▸ Activity
Look below for the line that contains "Leilian レリアン レディース", then quote it and all the lines after it, exactly, with the pictures left out.

--- Input data Enclosed Below ---

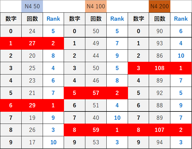 ペア数字解析データー
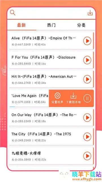 4. 界面简洁纯粹,铃声详细分类,全面资源库涵盖广泛类型,不断播放各种铃声,充分满足不同用户对铃声的多样需求。
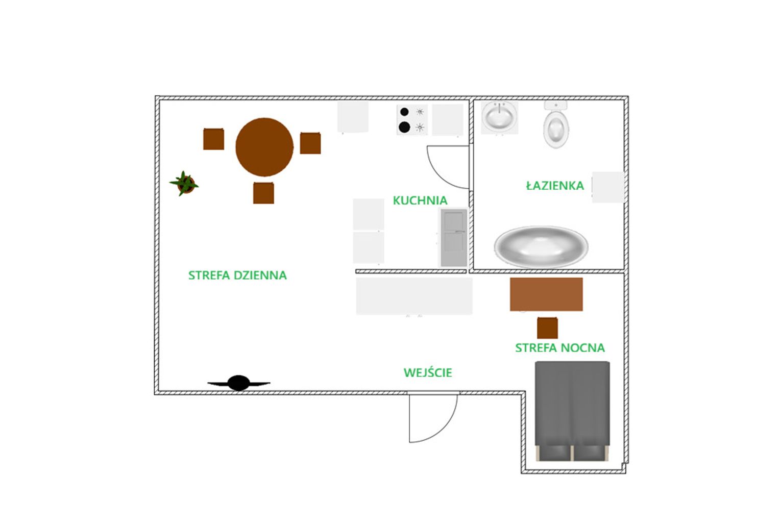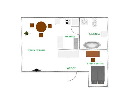 Na 29 m² powierzchni użytkowej (a realnie znacznie więcej dzięki dużym skosom – ok. +40%) zaaranżowano wygodną przestrzeń:
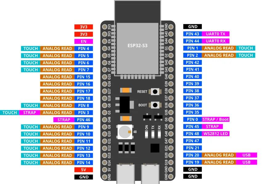 Most of the pins on the ESP32 can be used for inputs and outputs. Unlike the ESP32, the ESP32-S3 has no input only pins; all pins are capable of output.
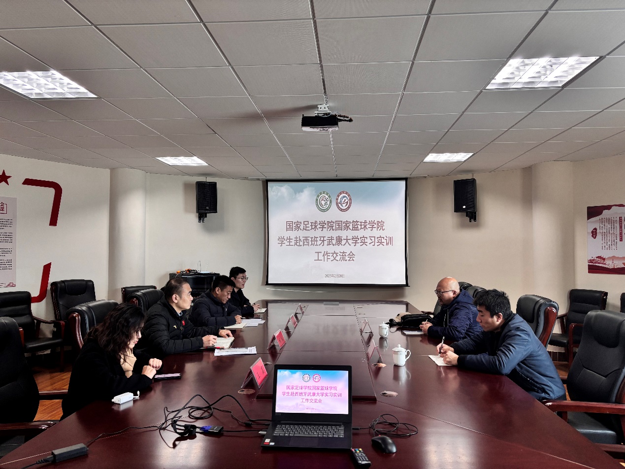 2月28日上午,国家足球学院国家篮球学院学生赴西班牙武康大学实习实训工作交流会在培训楼四楼会议室举行。西班牙武康大学UCAM项目部亚洲区负责人孙伟、驻华代表夏杰,山东体育学院青岛校区管委会(筹)主任、国家两院副院长(主持日常工作)杜韬,国家两院党总支副书记潘冰、党委院长办公室外事办副科级干部王菡、国家两院学生辅导员刘海泽参加会议。会议由潘冰主持。
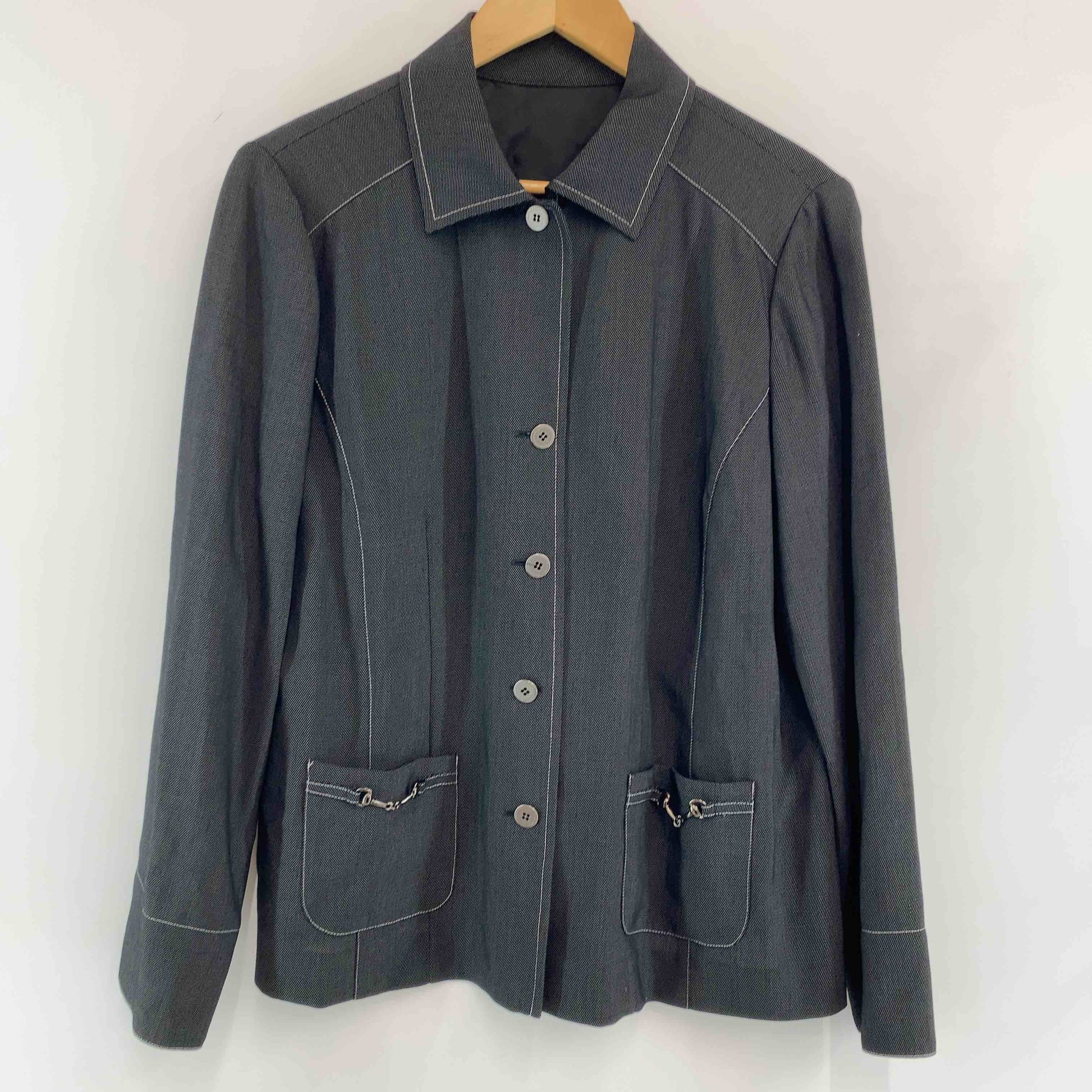Leilian レリアン レディース カラーシャツ ブラック ウール混 羽織り 長袖シャツ ブラウス
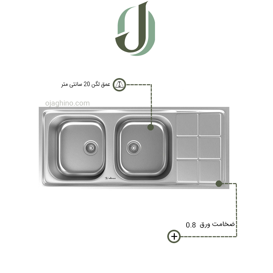 این سینک دارای استاندارد CE اروپا، 2 نوع لگن چپ و راست و دارای دو لگن بزرگ به عمق 20 سانتیمتر و متعلقات این سینک شامل بست و زیرآب , ست کامل سیفون می باشد.
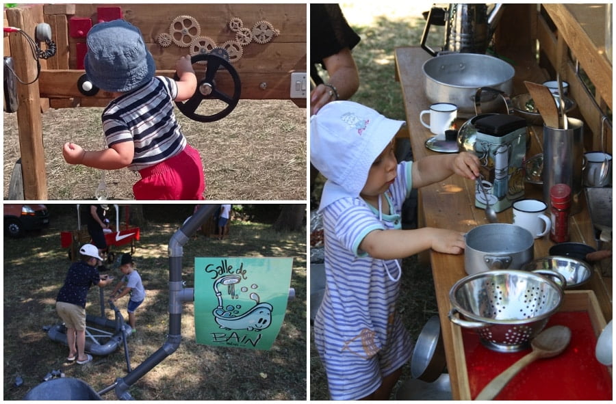 La salle de bain : jeux d’assemblage avec tous les tuyaux en PVC ! Plébiscité par les enfants, cet espace de construction perpétuelle est le théâtre de combinaisons improbables.

--- End of Enclosed Input data ---

▸ Response below
Leilian レリアン レディース カラーシャツ ブラック ウール混 羽織り 長袖シャツ ブラウス
 این سینک دارای استاندارد CE اروپا، 2 نوع لگن چپ و راست و دارای دو لگن بزرگ به عمق 20 سانتیمتر و متعلقات این سینک شامل بست و زیرآب , ست کامل سیفون می باشد.
 La salle de bain : jeux d’assemblage avec tous les tuyaux en PVC ! Plébiscité par les enfants, cet espace de construction perpétuelle est le théâtre de combinaisons improbables.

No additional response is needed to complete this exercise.